● AIM OF THE TASK
Your copy starts at the line containing "Key to the Caribbean" and ends at the last line below. Copy exactly, without pictures.

● MATERIAL PROVIDED
--- START ---

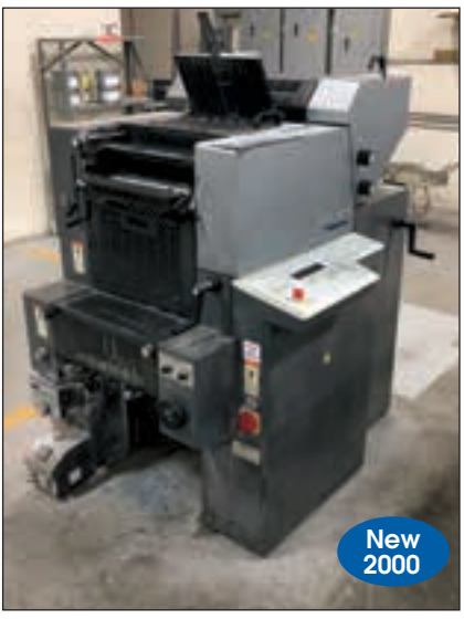
HEIDELBERG PRINTMASTER 2C MODEL QM46-2, 11.5" X 17"
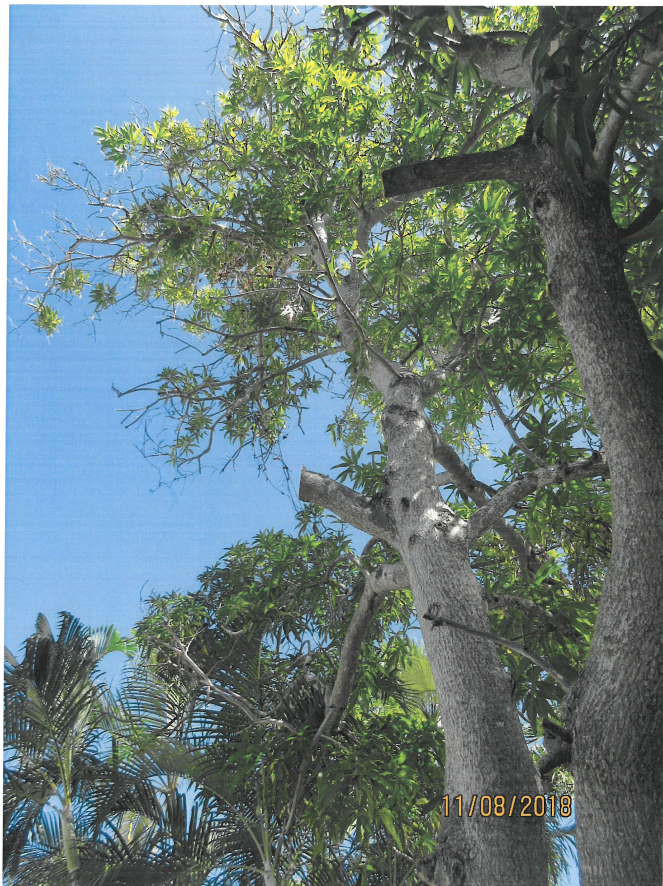
Key to the Caribbean – average yearly temperature 77 ° Fahrenheit.
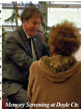
Memory Screening at Doyle Ctr.

--- END ---

● SOLUTION TO THE EXERCISE
Key to the Caribbean – average yearly temperature 77 ° Fahrenheit.
Memory Screening at Doyle Ctr.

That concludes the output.